Zum Schluss war damals ein gewisser Michael Zylka der neue Präsident der Königsblauen. Ein "Mister Unbekannt", der sich, laut seiner eigenen Aussage, einfach nur mal gedacht hatte, hinzugehen und sich den Mitgliedern vorzustellen. Überraschenderweise überzeugte Zylka seine Vereinsgenossen - musste allerdings bereits nach drei Tagen wieder zurücktreten, weil herausgekommen war, dass er zuvor für den Bundesnachrichtendienst gearbeitet haben soll. Ein einziges Desaster für den Klub, über den ein früherer Präsident einst einmal so weitsichtig sagte: "Solange man über uns schreibt, leben wir noch!"

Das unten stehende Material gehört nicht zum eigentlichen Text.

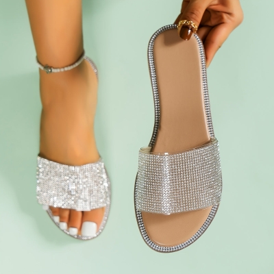 Women's Rhinestone Flat Slippers, Glitter Open Toe Non-slip Slides Shoes, Casual Outdoor Slippers

Gegenkandidaten? Rentner und Büttenredner
Doch nun musste erst einmal auf die Schnelle ein neuer Präsident her - und der wurde tatsächlich am 16. Januar 1989 in allerhöchster Not, denn der FC Schalke 04 stand damals kurz vor der Pleite ("Als der Präsident Günter Eichberg zu uns kam, war Schalke mausetot. Der Verein hatte kein Geld mehr für Waschpulver", Charly Neumann, die gute Seele der Königsblauen), von den Mitgliedern des Klubs in einer denkwürdigen Versammlung gewählt. Am Ende hatte sich Eichberg mit großer Mehrheit gegen Kandidaten wie den Rentner Hans Bitzkowski und den eloquenten Büttenredner Dieter Koslowsky durchgesetzt. Doch wer dieser Günter Eichberg genau war, wussten nur die allerwenigstens auf Schalke. Der Verwaltungsratsvorsitzende Volker Stuckmann umschrieb die Erwartungshaltung an den gebürtigen Gütersloher jedenfalls so: "Damals dachten wir, da kommt der Weihnachtsmann."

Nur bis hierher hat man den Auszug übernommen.